Comme voulu par la mise en scène de la comédienne Anne Kessler (sociétaire de la Comédie Française), ces décors figurent en effet les ateliers de couture… de l’Opéra Comique. Sur une scène délimitée par une structure boisée haute de trois étages, trônent ainsi des dizaines de bustes de couture et autant de machines à coudre et tables de travail, un grand établi se trouvant lui en milieu de scène. C’est là, dans ce cadre unique, que s’inscrit l’intrigue nouée au fil des trois actes. Tour à tour, l’atelier de couture fait donc office d’auberge, de salon de réception et de campement militaire. Une “facilité” technique loin d’être de mauvais effet, tant les décors présentent des finitions soignées, et tant les jeux de lumière et les mouvements des choristes et solistes contribuent sans cesse à faire vivre l’espace, et à donner vie aux nombreuses situations farfelues que compte cet opéra vaudevillesque : ici un militaire repassant sa chemise en caleçon, là une Comtesse arrivant dans une soirée avec une grossière fourrure et un chien (fictif, mais vif malgré tout) en bout de laisse, et au milieu de tout cela un Maréchal sans cesse tourné en ridicule. D’un fou rire à un autre, d’un grand air à un autre, l’ennui n’est donc pas de mise dans ce spectacle, où l’œil se ravit aussi à la vue de costumes à l’esthétique non moins soignée (mais l’inverse eut été étonnant dans un atelier de couture...).

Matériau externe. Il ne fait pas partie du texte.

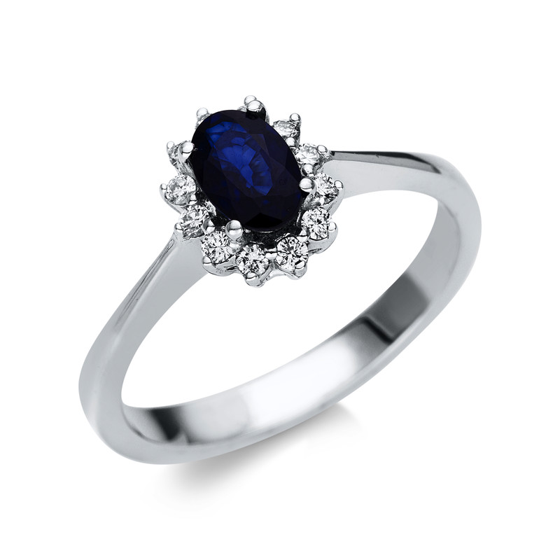ring 18 kt WG, 12 diamonds 0,16 ct, G-vsi, 1 sapphire 0,52 ct blue, width:53
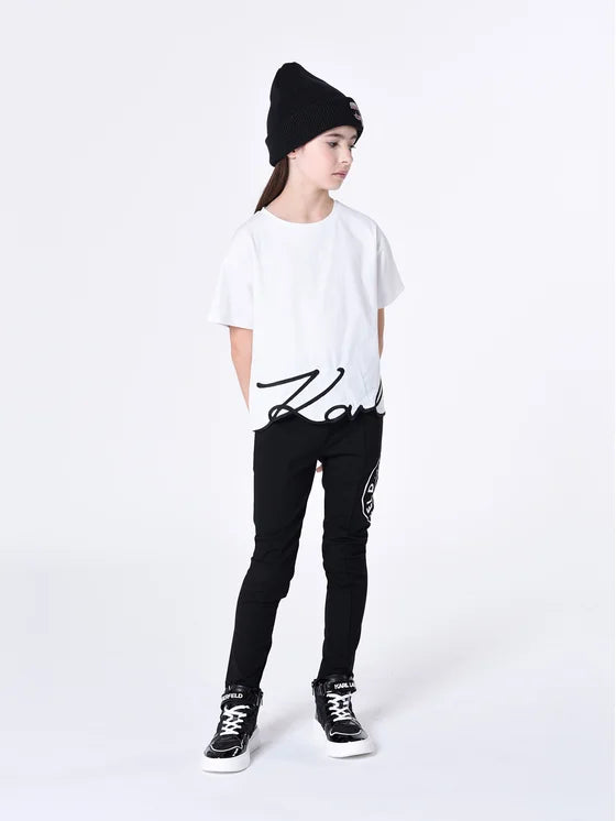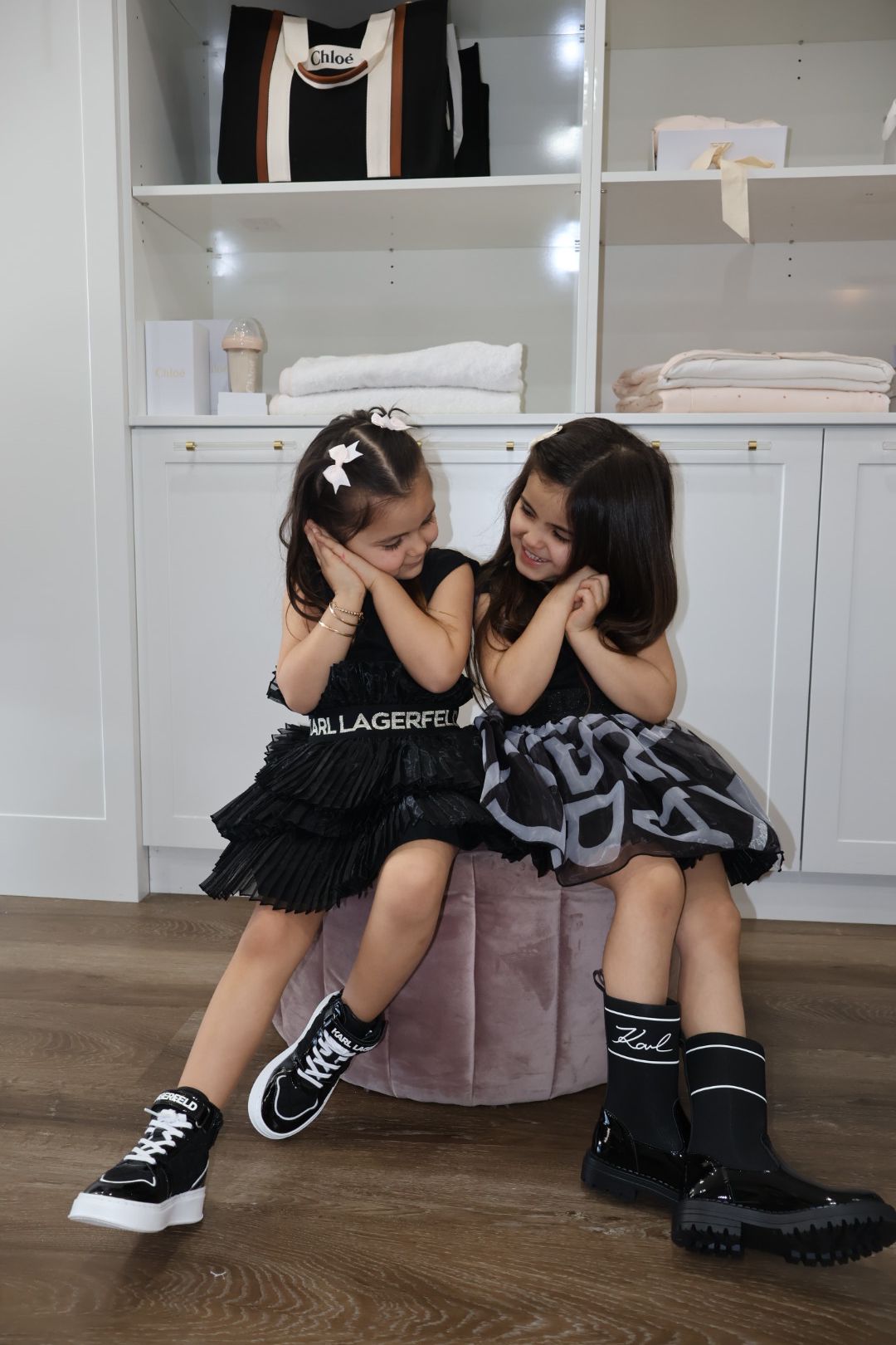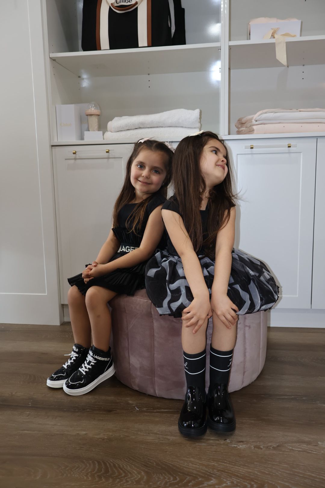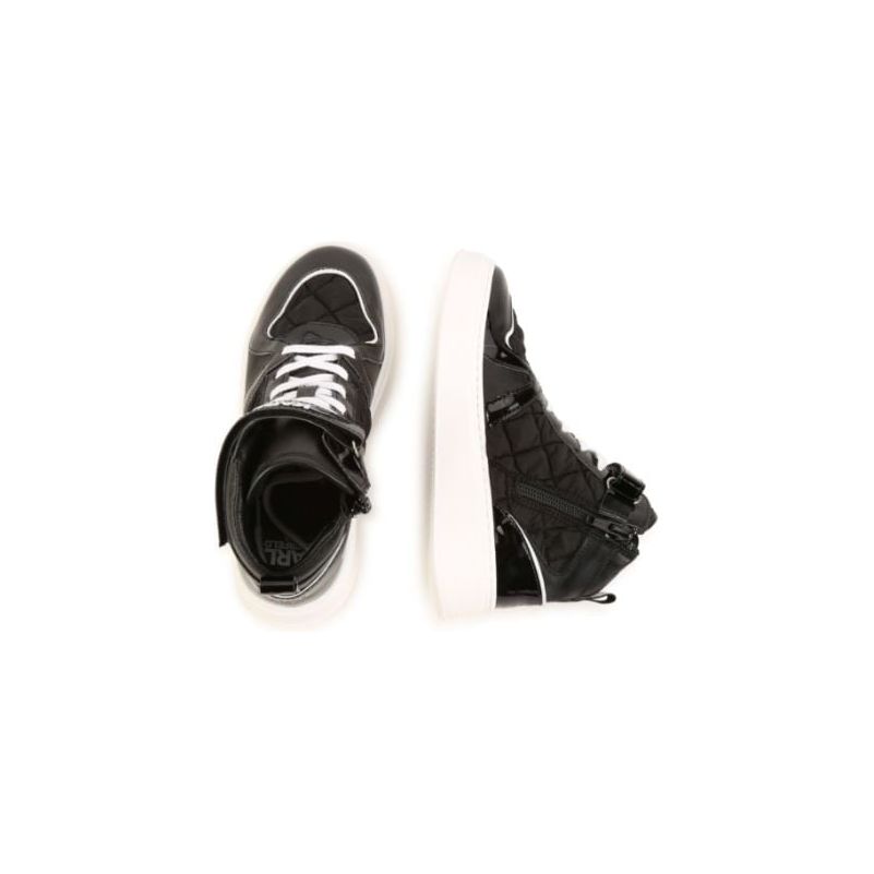 A pair of Black High Top Boots by KARL LAGERFELD designed with leather and mesh materials, showcasing a logo print on the front. Featuring a heel pull-tab, round toe, front lace-up and touch-strap fastenings, as well as a short side zip fastening. The branded insole and flat rubber sole add to the durability and comfort of these boots. Made from 100% fabric outer, 100% leather lining, and 100% rubber sole.
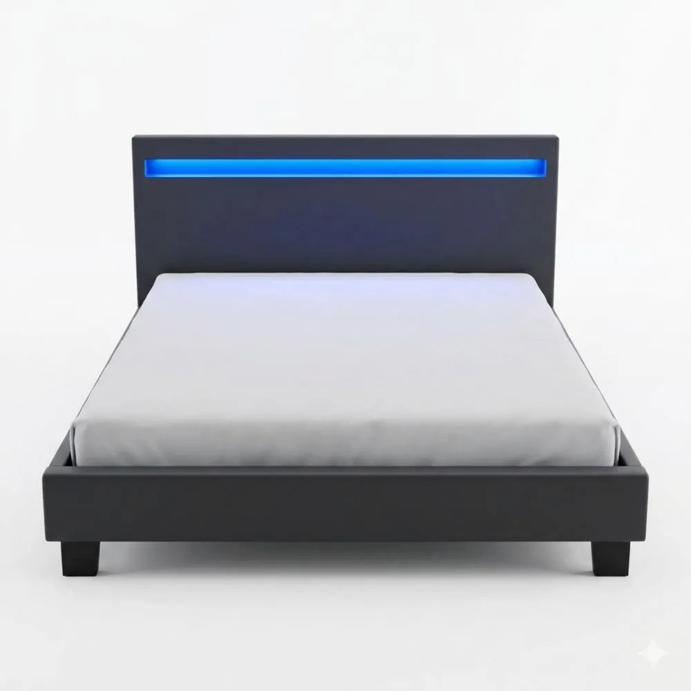 Das Polsterbett bietet eine komfortable Liegefläche und ist mit einer LED-Beleuchtung im Kopfteil ausgestattet. Die Beleuchtung ist in 16 Farben einstellbar und per Fernbedienung steuerbar. Die Liegefläche von 120 x 200 cm eignet sich gut für Jugendliche und alleinstehende Erwachsene. Der Bezug besteht aus Kunstleder, das leicht zu reinigen ist, und das Bettgestell wird von einem stabilen Holzrahmen gestützt.
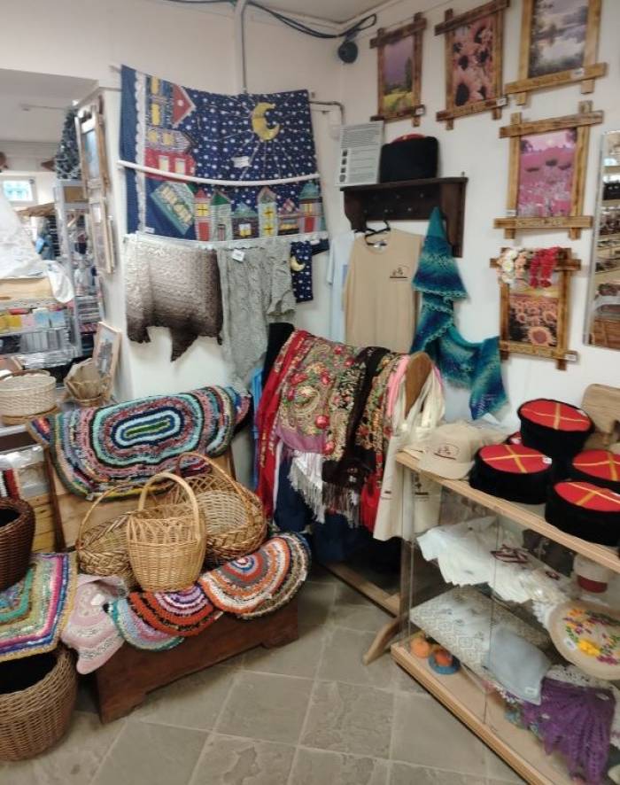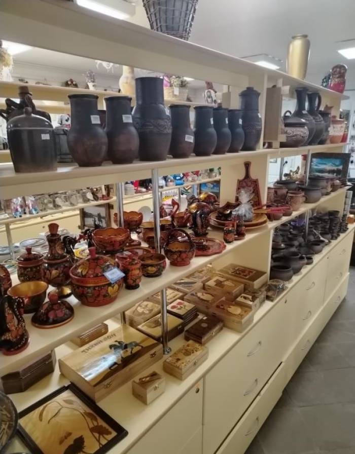 Гордостью сувенирной лавки являются этнические сувениры: это и донские нагайки, сувенирные шашки, папахи, кубанки, шлычки, шалевые платки, коврики–дерюжки, лафитники. Большой выбор женских украшений (Ростовская финифть), изделия из янтарной смолы, Семикаракорская керамика, донские травяные сборы, натуральный майский, цветочный мёд, тульские самовары и многое другое.
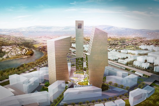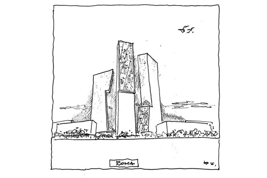 The design for the business park features three towers in conversation with one another. They stand in close volumetric relationship—seemingly cut from one stone block. The volumes fit into each other like antique building blocks creating a composition of elements that are both connected and singular. The towers are arranged in a triangular formation, with a 3,000 sq-meter colonnaded public piazza, landscaped with a verdant garden and reflecting pools. The towers will be linked to the stadium by means of a retail boulevard that runs from the Tor di Valle metro station to the AS Roma stadium.
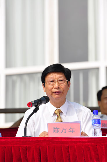 热烈的掌声响起来,理事会理事长、校长、党委书记陈万年教授发表重要讲话。陈万年校长说:首先,我代表学校理事会、校行政、校党委和全校18000名师生员工,对2010级新同学成为三江大家庭成员表示最热烈的欢迎!从9月6日到今天,你们进行了为期14天的军训,同学们发扬不怕苦、不怕累的精神,严格遵守纪律,克服了各种困难,圆满完成了军训任务,强健了体魄,磨练了意志,在你们的人生旅程中刻下最难忘的记忆。刚才观看了同学们的汇报表演,分享了你们用意志、汗水、磨炼和劳累创造的果实,见证了你们的口号嘹亮、步履强健与意志坚强。军训结束了,就要和十多天来朝夕相处、可爱可敬的教官们说再见了,我们用我们最热烈的掌声向部队首长和教官们表示衷心的感谢,教官同志们,你们辛苦了,学校和我们在座的每一位新生感谢你们!”
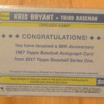 Collectors who attended the recent Topps Transcendent Collection party had a shot at 1/1 preview cards for 2017 Topps -- base cards with a dated foil stamp -- while today Topps revealed card No. 1 in the set as being reigning National League MVP and Chicago Cubs star Kris Bryant.
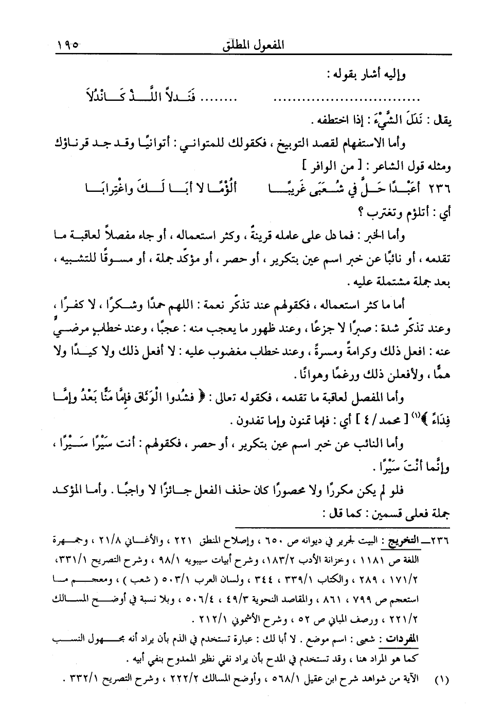 أما ما كثر استعماله، فكقولهم عند تذكر نعمة: اللهم حمدًا وشكرًا، لا كفرًا، وعند تذكر شدة: صبرًا لا جزعًا، وعند ظهور ما يعجب منه: عجبًا، وعند خطابٍ مرضي عنه: افعل ذلك وكرامةً ومسرةً، وعند خطاب مغضوب عليه: لا أفعل ذلك ولا كيدًا ولا هما، ولأفعلن ذلك ورغمًا وهوانًا.
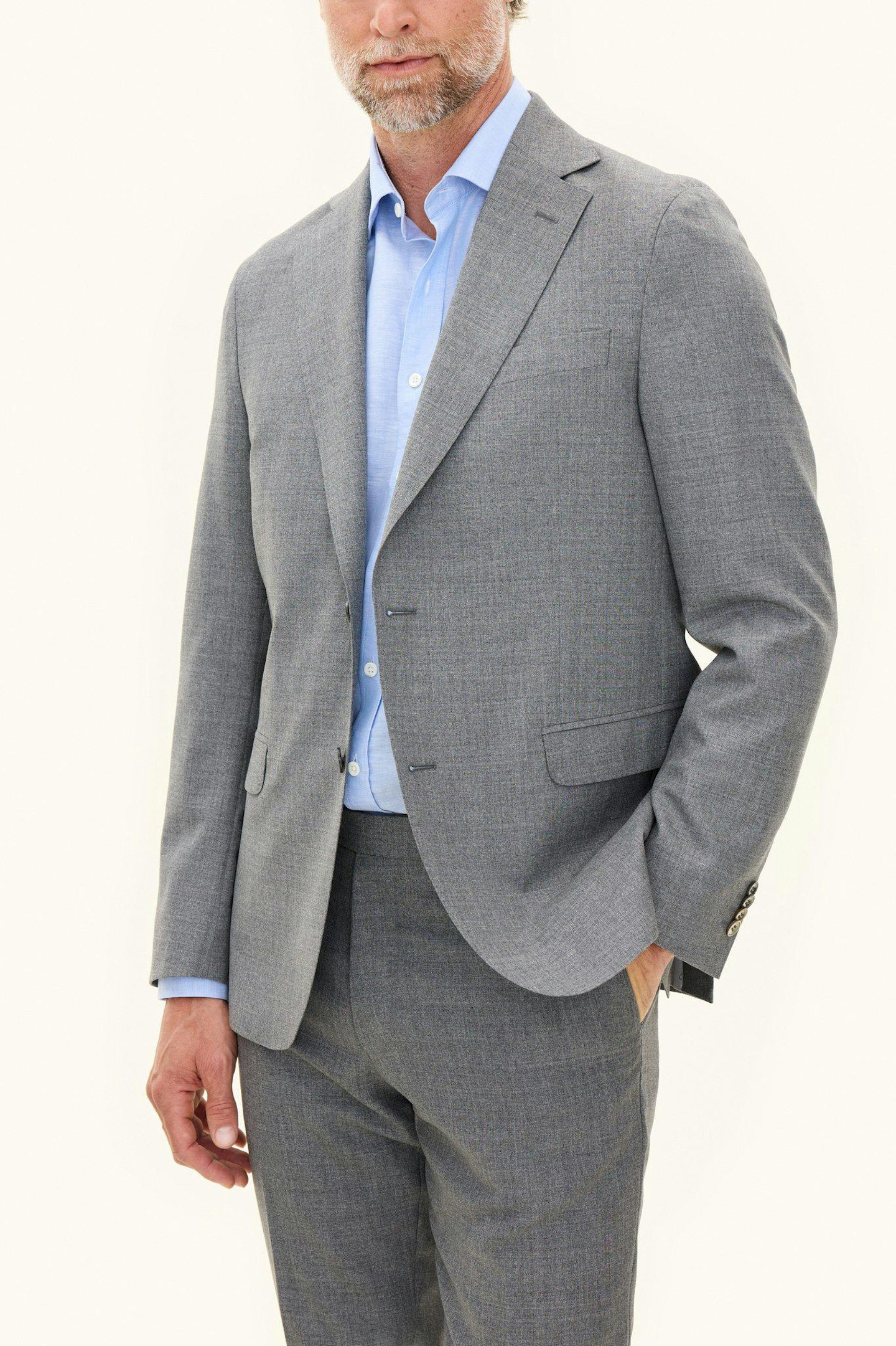 Klubbkostym i mørkeblått ullgarn med struktur fra det italienske veveriet Marzotto. En myk konstruksjon der mellomlegg og skulderoppbygging er nærmest fraværende. Jakken er foret og har lommer med klaff. Tilhørende bukser har en klassisk, noe avsmalnende passform og en normalhøy midje.
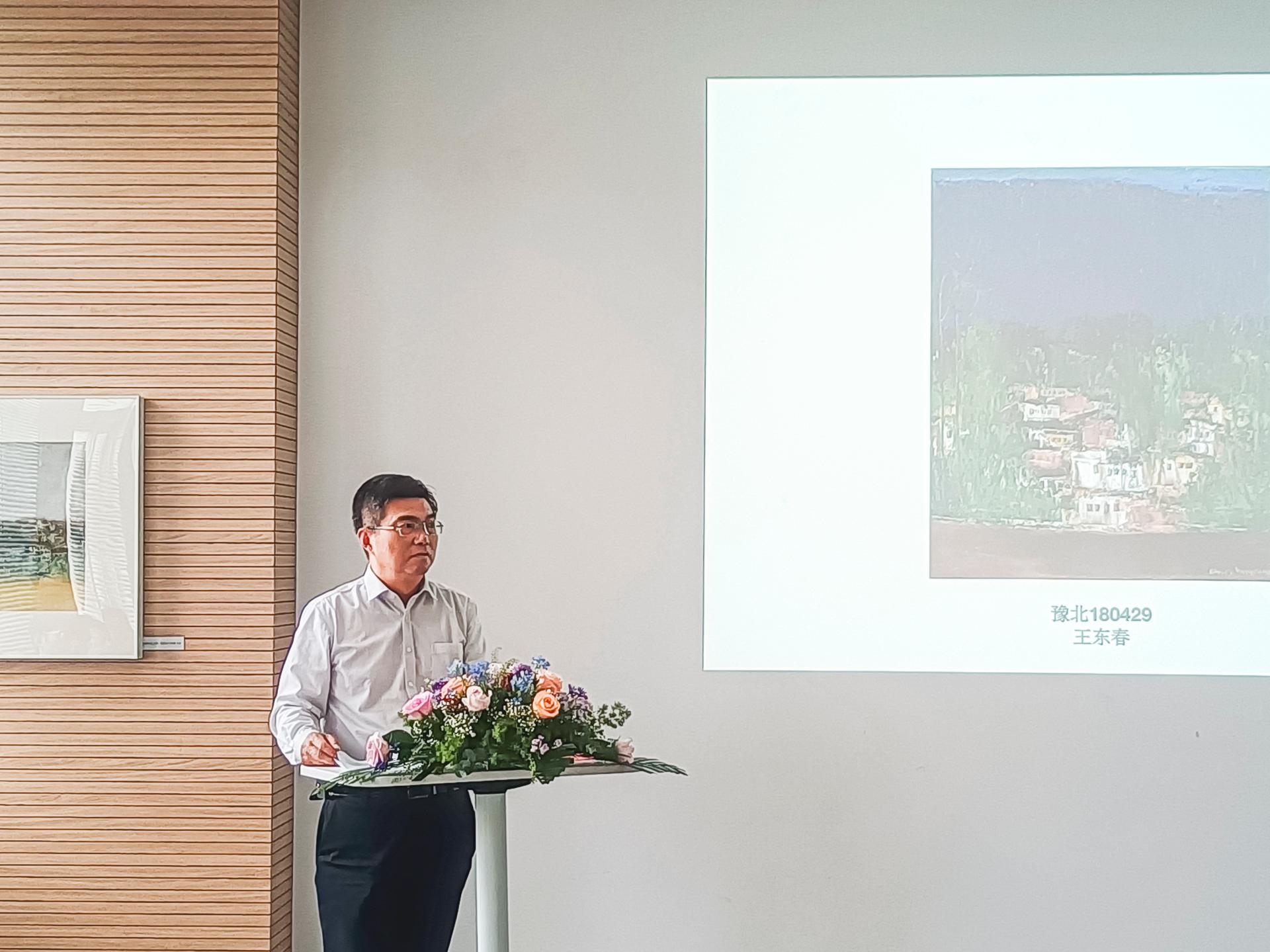 郭华瑜经理致开幕词,介绍了王东春老师的简历以及艺术上的成就。郭经理表示,PA视讯一直将建筑美育作为教学的重要环节,引导员工认识美、理解美、欣赏美、创造美。随后王东春老师介绍了本次画展的内容。
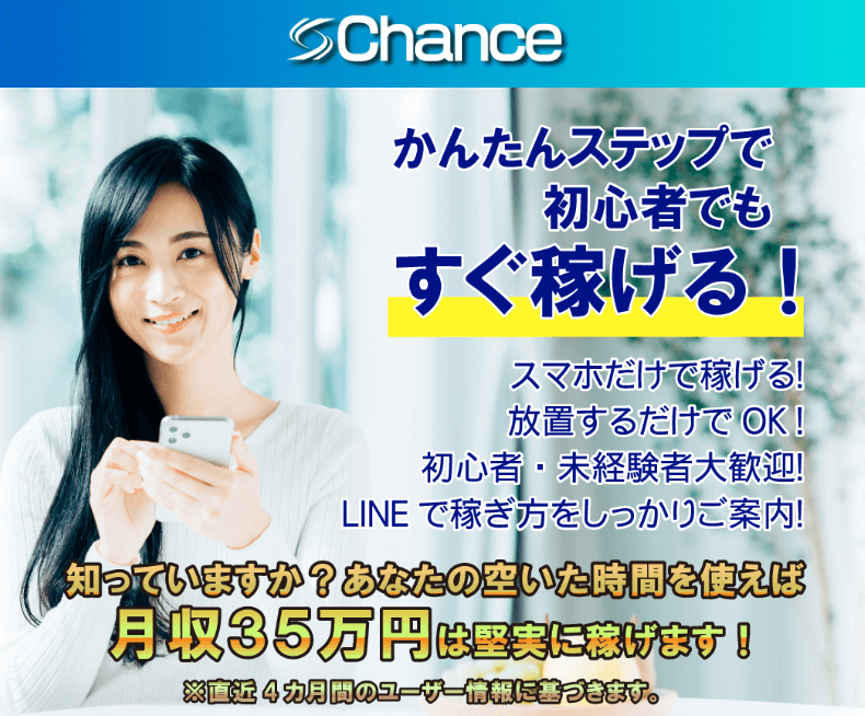実際、ChanceでもLPでは「月収35万円は堅実に稼げる」とアナウンス。
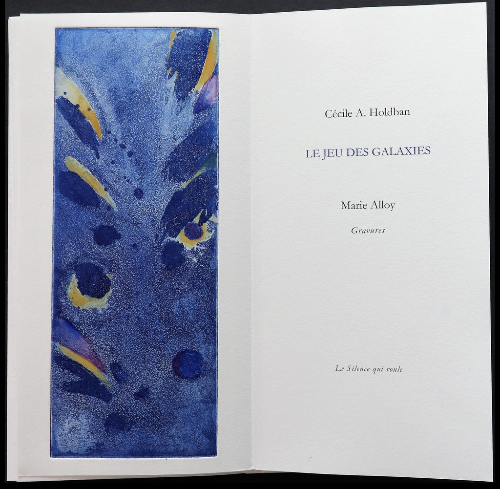 Le Jeu des galaxies, poèmes inédits de Cécile A. Holdban, aquatintes de Marie Alloy, Le Silence qui roule, 2023. Page de titre. © Marie Alloy

Rayonnante Anne-Catherine Gillet
Vocalement, cette production donne à entendre quelques-uns des chanteurs qui composent La Nouvelle Troupe Favart de l’Opéra Comique. En Madame Favart cumulant plusieurs rôles (épouse, actrice, soubrette, Comtesse et marchande tyrolienne), Marion Lebègue est pleinement convaincue, avec une débauche d’énergie incessante dans l’incarnation de ses multiples fonctions, et une voix de mezzo généreuse, bien projetée (même si les consonnes sont souvent trop peu appuyées). En Suzanne, Anne-Catherine Gillet est absolument rayonnante. La soprano belge ravit par son timbre de voix si spécifique, empreint d’un sens constant de la musicalité, toujours agréablement vibrant et projeté avec une égale sensibilité sur la largeur de la tessiture. L’artiste démontre aussi qu’elle est une comédienne, et même une gymnaste allant jusqu’à se prêter à l’exercice du grand écart pour mieux susciter surprise et hilarité.
Le rôle de Charles-Simon Favart est confié à Christian Helmer. Puissamment projetée, sa voix est celle d’un baryton (presque d’une basse) aux chaudes intonations, aux graves charnus et profonds, avec une réelle application dans la diction. Porté sans doute par l’héritage historique à assumer, ce Favart-là est aussi un généreux comédien, qui parvient autant à faire rire qu’à attendrir. Investi dans la tenue de son rôle, François Rougier l’est également. Le ténor français campe Hector de Boispreau avec une ligne de chant globalement homogène, même si les aigus (éclatants dans l’air des Tyroliens) sortent davantage du lot.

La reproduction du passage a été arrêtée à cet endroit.